The easternmost segment of Garrett Place, just east of Sheridan Road on the Northwestern University campus, officially acquired an honorary name Sunday to commemorate the 100th anniversary of the Shakespeare Garden and the Evanston organization that started it.
The honorary name bestowed upon the block by the Evanston City Council is Shakespeare Garden Founders Way, in honor of the women who had just founded the Garden Club of Evanston in 1915.
The group, which included the wife of the noted architect and city planner Daniel Burnham, chose as its initial project the establishment of a garden on the Northwestern campus, to celebrate the 300th anniversary of William Shakespeare’s death.
A proclamation read at a brief ceremony in the nearby Garrett Chapel by Evanston Mayor Elizabeth Tisdahl, designated June 14 as Garden Club of Evanston Day.
Many of the club’s members chose to wear hats at the ceremony of the vintage worn at the time of its founding.
The garden, designed by the renowned Danish-American landscape architect Jens Jensen, contains plants mentioned by Shakespeare in his writings.

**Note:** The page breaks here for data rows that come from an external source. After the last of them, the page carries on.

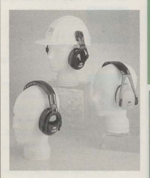
Circle No. 315 on Reader Inquiry Card

Three styles of ear muffs from 3M feature multiple position ear cups. Replaceable ear cushions and molded noise suppression inserts provide for longer uselife and improved hygiene.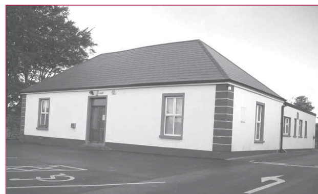
Islandeady Community Centre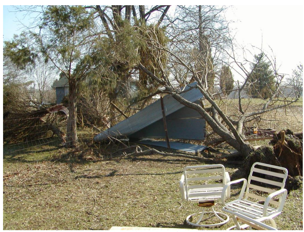
Uprooted trees and broken tree limbs, along with a piece of a grain silo, were found near Oakland City.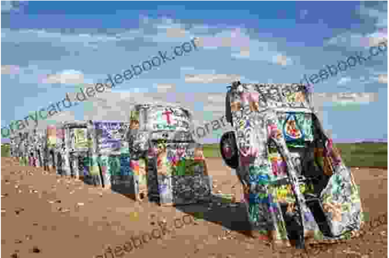
Cadillac Ranch, Amarillo, Texas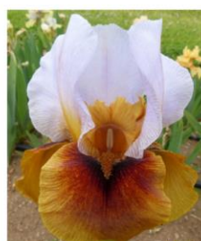
Golden Illusion AB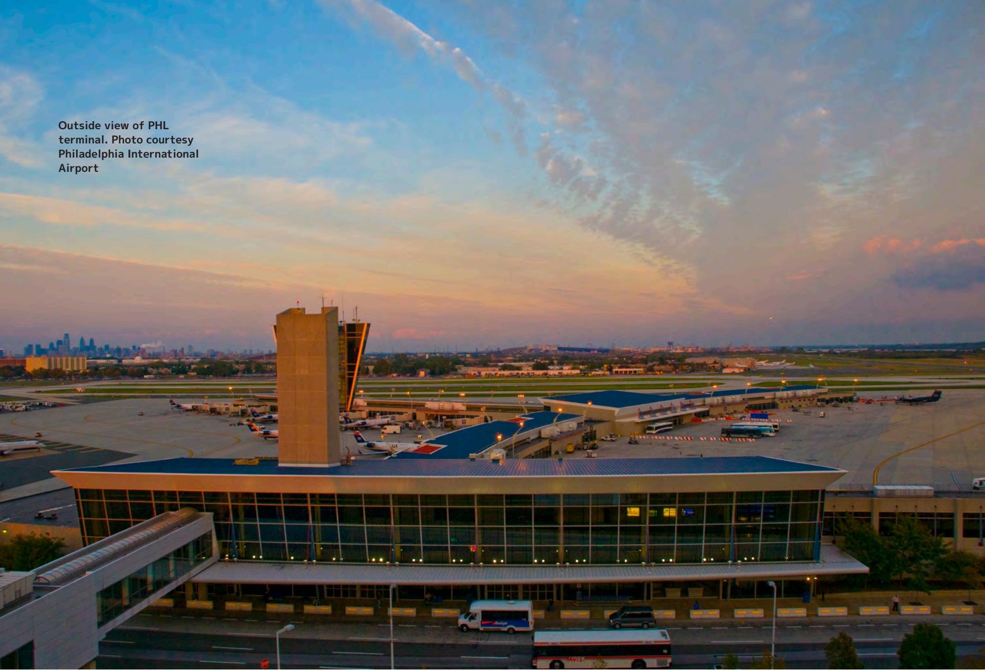
Outside view of PHL terminal.

is open from 7am to 8pm; the spa near Gate F25 is open 7am to 10pm.

While many of the plants would not survive a Midwestern winter, more than 50 thrive in the 70-by-100-foot garden, including rosemary, lavender, thyme, daffodil, pansy, poppy, nasturtium, marigolds, and peonies.
In November 1988, at the urging of the Evanston Preservation Commission, the garden was listed in the National Register of Historic Places.
Cubbage, speaking on behalf of the university, thanked the club “for making that little pocket an oasis of quiet beauty on campus.”